IBM BigFix Compliance PCI Add-on: Updated PCI DSS Checklists for various Windows operating systems published 2017-04-20

Product:
IBM BigFix Compliance PCI Add-on

Title:
Updated PCI DSS Checklists for Windows 2008, Windows 2012, Windows 10, Windows 7, Windows Embedded POSReady 7, and Windows Embedded Standard 7 sites to resolve issues with some checks

Category:
Updated PCI DSS checklist

Published Benchmark:
Payment Card Industry Data Security Standard v3.2

Details:
The IBM BigFix Compliance PCI Add-on team has updated the following Windows checklists:
PCI DSS Checklist for Windows 2012

• The check Verify that “Prevent users from sharing files within their profile” is set to Enabled (pcidss-7.2.2.52) is updated to resolve the relevance false positive for APAR IV95039.
• The check Verify that “Trend Micro Common Firewall” is Enabled (pcidss-1.4.b.22) is updated to resolve an issue with reading incorrect registry keys.
• The check Verify that “Interactive logon: Number of previous logons to cache (in case domain controller is not available)” is set to ‘4 or fewer logon(s)’ (pcidss-3.1.a) is updated to reflect the correct relevance.
• The check Verify that “Local Policy: Enable computer and user accounts to be trusted for delegation” is not set to any user (pcidss-7.2.3.1) is updated to reflect the correct relevance.
• The check Verify that “MS Antivirus Software” service is active and running (pcidss-5.3.a_2) is updated to fix the remediation action to start the MpsSvc service.
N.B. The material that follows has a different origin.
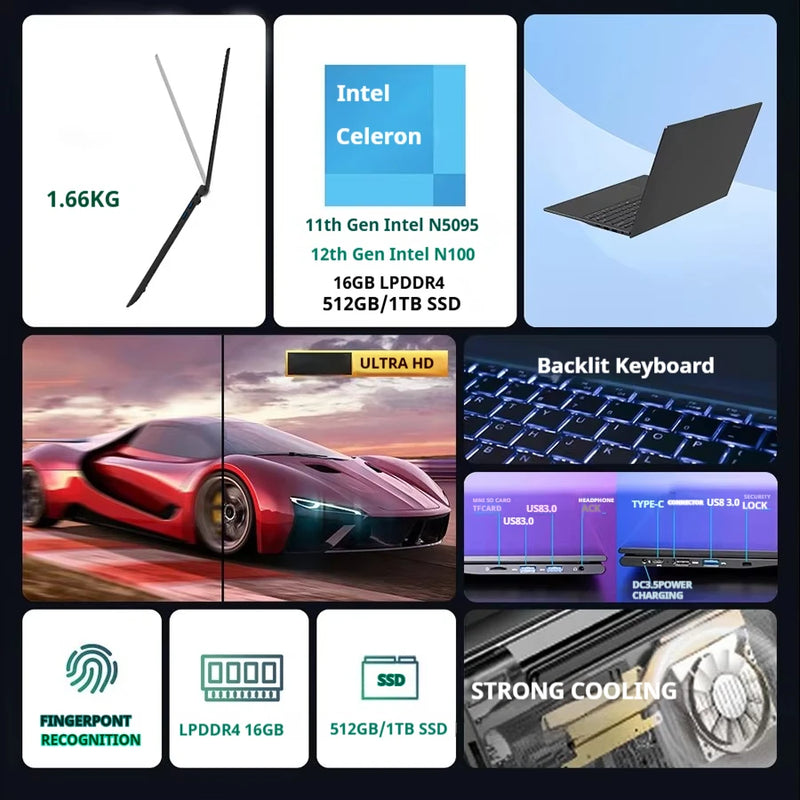 Please note: The N100/N150 models measure 15.6 inches (ingerprint recognition is not supported and the N5095 models measure 16 inches. There will be very slight differences in appearance and weight due to different production batches.

PCI DSS Checklist for Windows 2008

• The check Verify that “Prevent users from sharing files within their profile” is set to Enabled (pcidss-7.2.2.52) is updated to resolve the relevance false positive for APAR IV95039.
• The check Verify that “Trend Micro Common Firewall” is Enabled (pcidss-1.4.b.22) is updated to resolve an issue with reading incorrect registry keys.
• The check Verify that “Interactive logon: Number of previous logons to cache (in case domain controller is not available)” is set to ‘4 or fewer logon(s)’ (pcidss-3.1.a) is updated to reflect the correct relevance.
• The check Verify that “MS Antivirus Software” service is active and running (pcidss-5.3.a_2) is updated to fix the remediation action to start the MpsSvc service.
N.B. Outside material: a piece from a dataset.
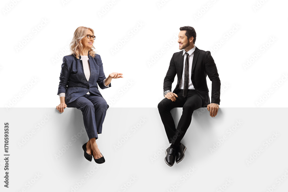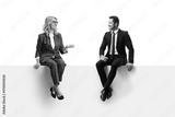 Woman talking to a businessman and sitting on a blank panel

PCI DSS Checklist for Windows 10

• The check Verify that “Prevent users from sharing files within their profile” is set to Enabled (pcidss-7.2.2.52) is updated to resolve the relevance false positive for APAR IV95039.
• The following checks are updated to include appropriate applicability relevance:
• Verify that “Outbound connections” for the domain profile is set to ‘Allow (default)’ (pcidss-1.4.b_7.10)
• Verify that “Outbound connections” for the public profile is set to 'Allow (default)’ (pcidss-1.4.b.24.1)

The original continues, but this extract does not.